L'autrice wi-fi in Francia. (E i segreti che abbiamo nel cuore).

Lunedi, 30° novembre 2009 @10:52

"Non esiste una vita trasparente, Ana. Ogni donna ha un segreto, per piccolo che sia. Tutte ne hanno almeno uno".
(Marcela Serrano)
Quel segreto è una piccola scheggia di luce conficcata nel mio cuore. Quel segreto è qualcosa che non sussurro neppure a me stessa. Quel segreto lo leggo ovunque, in un cellulare che vibra, nel fondo della mia tazzina di caffè. Quel segreto, sei tu.

(La frase di Marcela Serrano, scrittrice cilena, è tratta da "Noi che ci vogliamo così bene", Feltrinelli: un vecchio romanzo di quattro amiche, quattro vite, segreti e amori che si intrecciano. Il libro non mi è piaciuto, ma mi è piaciuto moltissimo leggerlo: perché è il recentissimo regalo, dal titolo affettuoso come un abbraccio, di una delle mie più care amiche, la mia ex compagna di banco del ginnasio)

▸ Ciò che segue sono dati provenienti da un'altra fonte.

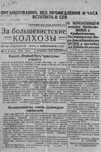О Р Г А Н И З О В А Н Н О , Б Е З П Р О М Е Д Л Е Н И Я И Ч А С А , £ ‘ В С Т У П И Т Ь В С Е В V Пролетария s e c t стран с о е д е я а й т е с ь За большевистские = К О Л Х Л З Ы = О Р Г А Н С Е В Е Р Н О Г О Р К ВКП(б ) и Р А Й И С П О Л К О М А З С К № 51 6 м а я 1936 г о д а . | П Е Р В Ы Й Г О Д И З Д А Н И Я К о л х о з „Верны й П у т ь " приступил к п ахоте З а с и я т ь и заборонить к аж дый п о л н о с т ь ю с т а н ы , у ч а с т о к по мера е г о о с в о б о ж д е н и я из под снега я п р о с ы х а н н я _ е с . т ь одна из в а ж н е й ш и х и ответственнейш их задач с е в а . В ы п о л н и т ь з т э — значит о б е с п е д ч н а ч т ь б о о р д ь н б ы у з и а з в г ыла с в ок н и е й йш у и р х о ж з а а й , з н а ч и т начать сев т —С т а х а н о в С К И С а а р о о Л ж е о , * £ о а д ы ^ К О Л х о з .В е р н ы й путь* Б о л ь ш е К у л и к о в с к о г о с е л ь с о в е т а с 3 м а я п р и с т у п и л к п а х о т е . Н е с м о т р я на т о , что к о л х о зы п р и с т у п а ю т к севу, есть е щ е , к с о ж а л е н и ю , такие к о л хо зы , ко т о п ы е подготовку к с е в у не за р е р ш <ли до копна К о л х о з . Л у ч езета* Б иа зи н с ко г о с е л ь с о в е т а не о б о р у д о в а л нс вывез в станы семена и ф ураж для лоша д е В р о . второй бригаде бригадира Васнльцоаа не подготовлены л ю ^ и , . так пзхари Морозов Александр и Крестьянов всту иают в сев с кулацкими на— строениями , у них нет у в е р е н ноет и в т р и , ч то ^ « н МОГУТ в ы1Н',«гт«т*. е ж е д н е в н у ю н о р м у пахоты. Они сочиняют разлнч п у е теории о невозможности завершения сева в 10— 12 дней. Парторг Ш л я к о в . пред кол хоза Л у н е в и бригадир Василь цов вместе со стахановцами колхоза ае дали сокрушитель иого отпора кулацким настро ениям М ф о з о в а и Крестьяновг. По-стахановски сеять> к ул ьт у р н о отдыхать Б р и г а д и р передовой бригады к о л х о з а . 6 ой с ъ е з д с о в е т о в “ П р и е м н и к о в Григорий всей б р и г а д о й выехал на» колхозные пол я и до началз сева к у л ь т у р но оборудовал с т а н . д я Э щ т е а е б К р р и а г с а н д о а е д з е н р а ж м и я т к п ол е х р о е з х н о и к о в , за лучшую п о д г о т о в к у т я гл о в ой силы и с е л ь х о з и н в е н т а р я к с е в у . П р и к у л ь т у р н о м с т а н е имеется п а т е ф о н , стены в н у т р и помещения у к р аш е ны л о з у н г а м и , плакатами и п о р т р е та Б м р и и . г а д а о б е с п е ч е н а газетами V и м е е т с я б и б л и о т е к а с х у д о ж е с т р е й н о » и с е л ь с к о х о з я й с т в е н ной литературой . П р и к у л ь т с т а - не оборудовано о б щ е ж и т и е с т о п ч а н а м и на к а ж д о г о к о л х о з ника. Д л я ю ш а д е й построены дворы, а Дя конюхов вы стро ена о т д е л ь н а к ом н а т а , д о с т р а и вает ся навес иод с е л ь х о з машины, вш оп ан к о л о д е ц , е с т ь о тд ел ьн ая к у х н я , с т о л о в а я , баня . Колхо зни к ; этой бригады взяли на с е б я о б з а т е л ь с т ь о р аб о т а т ь п о— с т а х а н в е к и ; им о б е с п е ч е н единый и к у л ь т у р н ы й о тд ы х по сл е рЗ‘3(гц. ‘ О р к о в . • * ч О П Е Р Е Х О Д Я Щ Е М мандате К р а й к о м а ВКП(б) и К р ай и сп ол к ом а . П о с т а н о в л е н и е б ю р о Запсибкрайком В К П ( б ) и м а К р а й и с п о л к о м а \ . В связи с развертывапием в вн к о р в а а е ни со я ц ми е а жли д с у т т и р ч а е к с т к о о р г и о с с т о а р м е и и ре к х о о м д б я а щй и н й ерамм и анд у а с т тан Ков р и ай ть ко п м е а с и т Ков рай и ис к п о о м л б к а о й м н а ер д о л в я , т о р б а е к с т п о е р ч и н веющих стахановские показате ли работ ни тракторе н комбав не 2 . . Установить, что вручение п ереходящих мандатов Крайкф с м я а п и ар К т р и а й й н и о с й пол о к р о г м
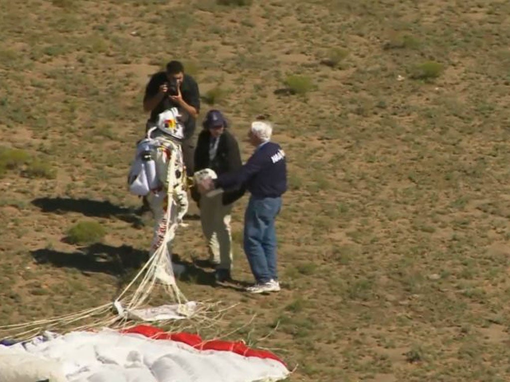 By the time Baumgartner stepped onto his tiny balcony to take in a view few men will see, hearts raced as fast as his. He stood and then he fell, quickly shrinking to the size of a pinprick.
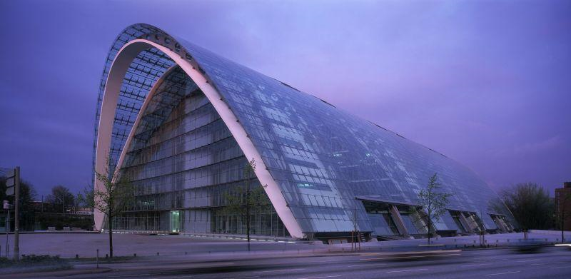 It was the first time that the prestigious MIPIM award of the world’s largest real estate trade fair in Cannes had been given to an architect from Germany. Hadi Teherani (BRT Architekten), a Hamburg-based architect, received the award for Best Office Building, the "Berliner Bogen" in Hamburg. The new office building has been erected over a canal basin. With a length of approx. 140 metres, the building spans the end tip of a high-water reservoir. Twenty-two steel girders with a height of up to 33 metres (diagonally entangled in pairs) bear the total load of the building shell and large components of the solid reinforced-concrete arch as well as the concrete ceilings. The area of the former canal basin, which serves today as a mixed-water detention reservoir, was spared most of the load thanks to this construction.
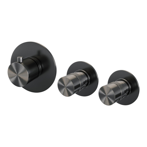 Brauer Gunmetal Edition Badkraan Inbouw - douchegarnituur - 20cm uitloop - inbouwdeel - 3 gladde knoppen - handdouche rond 3 standen - PVD - geborsteld gunmetal
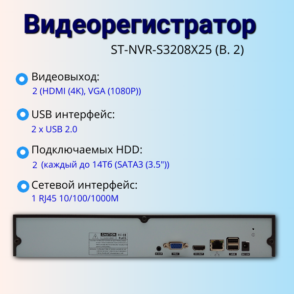 Видеорегистратор цифровой, 36 каналов до 8Mp, ST-NVR-S3208X25(В.2) информация:

Sono arrivata qualche giorno fa a Parigi, invitata – io che non sono laureata – a tenere la mia prima (e spero non ultima!) conferenza in Università: per la precisione, si terrà oggi, all'Università di Tours, e il titolo è "Le glamour bon marché –le journalisme de mode à l’époque de la récession" . Sì, avete letto bene: una conferenza accademica glam cheap! Sono emozionatissima, ancor più perché sarà davanti a una platea di studenti e studentesse di italiano dell’università… (E così, per fortuna, non devo parlare in francese).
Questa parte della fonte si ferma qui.